> _Exercise prompt_
Would you restate each line of the data below word for word, without its pictures?

> _Collected data_

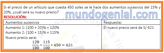 Si el precio de un artículo que cuesta 450 soles se le hace dos aumentos sucesivos del 15% y 20%, ¿cuál será su nuevo precio? By admin | 13 agosto, 2023 0 Comment publicidad
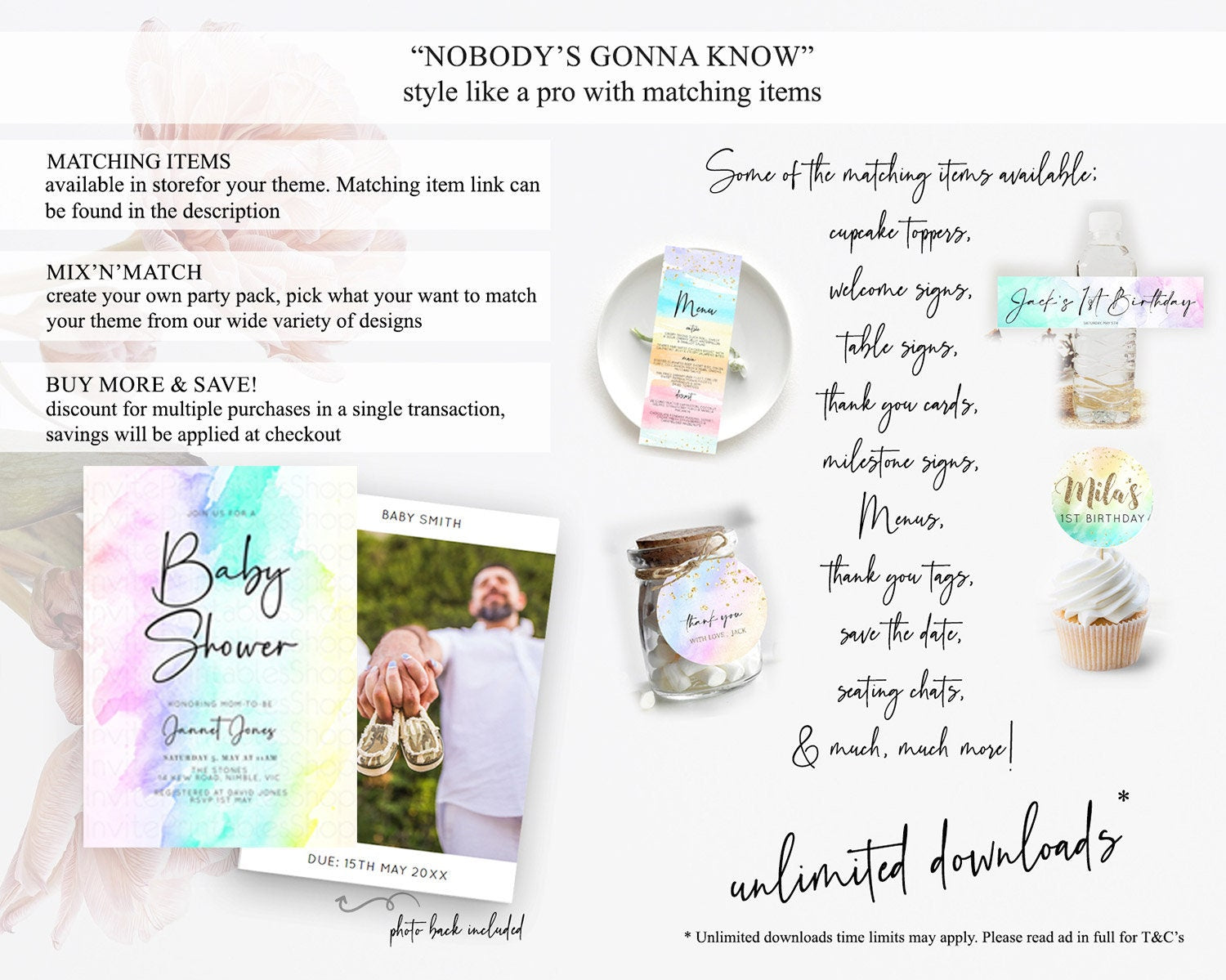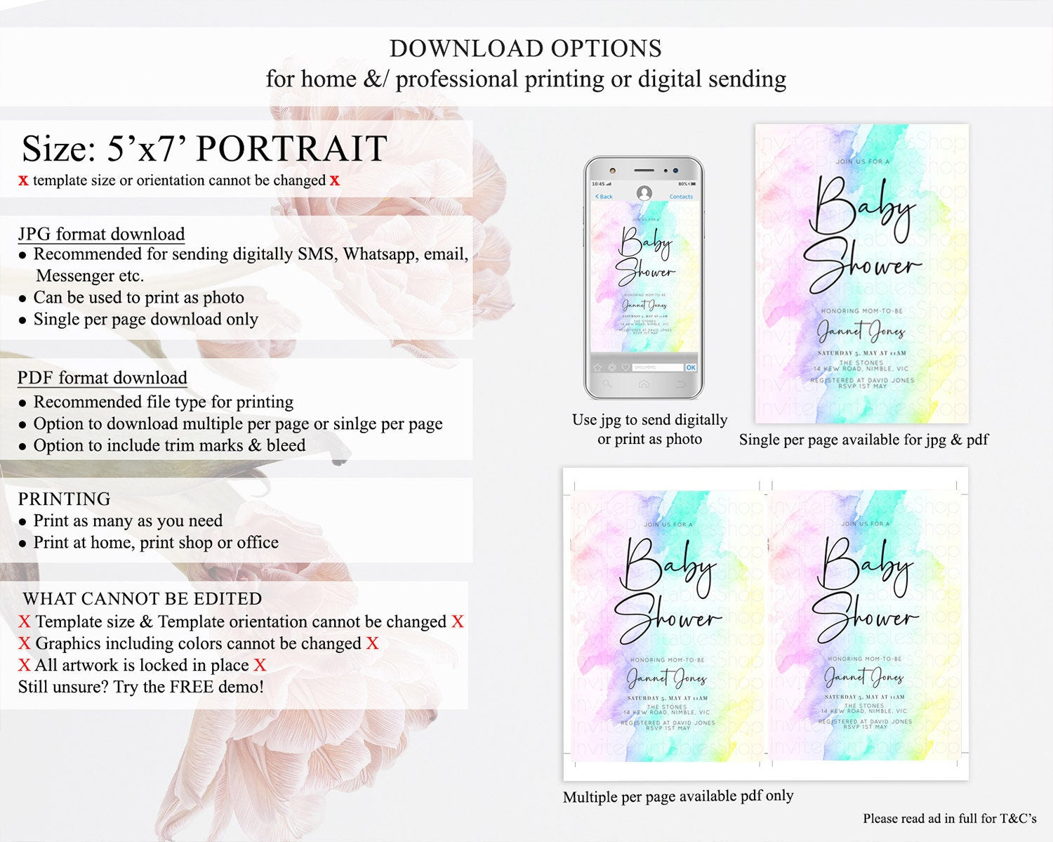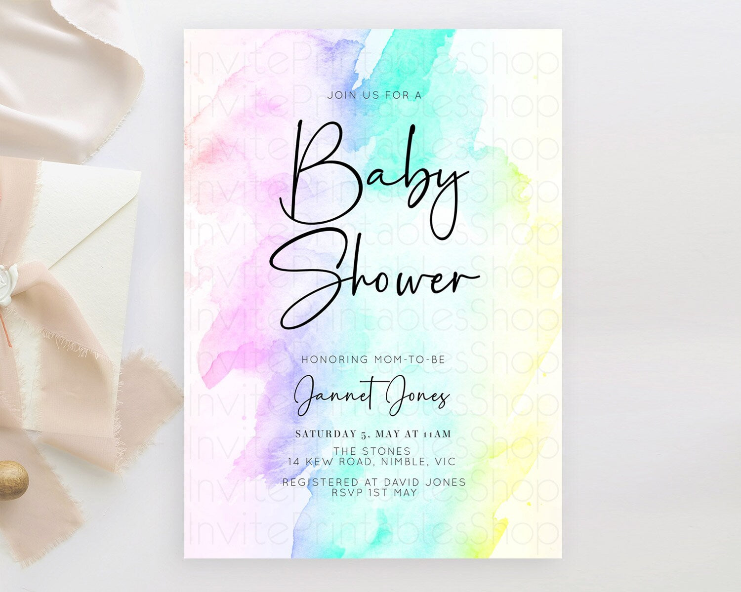 Pastel Baby Shower Invitation Rainbow Baby Shower Invitation Colorful Pastel Watercolor Invitation Gold Glitter Sprinkles Ombre D10231
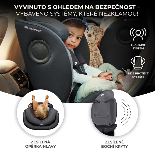 Za bezpieczeństwo odpowiada H-GUARD – trójwarstwowy zagłówek z pianką memory, oraz SPS+ – wzmocniona ochrona boczna przed uderzeniami. Dla wygody przewidziano 12 stopni regulacji zagłówka, 5 pozycji odchylenia (RWF i FWF) oraz wkładkę z pianki memory dla mniejszych dzieci. Pokrowiec łatwo zdjąć i wyprać.
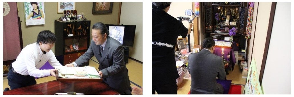 (3) 美空ひばりのお仏壇へ合掌、お手紙をお供え

> _Response below_
 Si el precio de un artículo que cuesta 450 soles se le hace dos aumentos sucesivos del 15% y 20%, ¿cuál será su nuevo precio? By admin | 13 agosto, 2023 0 Comment publicidad
 Pastel Baby Shower Invitation Rainbow Baby Shower Invitation Colorful Pastel Watercolor Invitation Gold Glitter Sprinkles Ombre D10231
 Za bezpieczeństwo odpowiada H-GUARD – trójwarstwowy zagłówek z pianką memory, oraz SPS+ – wzmocniona ochrona boczna przed uderzeniami. Dla wygody przewidziano 12 stopni regulacji zagłówka, 5 pozycji odchylenia (RWF i FWF) oraz wkładkę z pianki memory dla mniejszych dzieci. Pokrowiec łatwo zdjąć i wyprać.
 (3) 美空ひばりのお仏壇へ合掌、お手紙をお供え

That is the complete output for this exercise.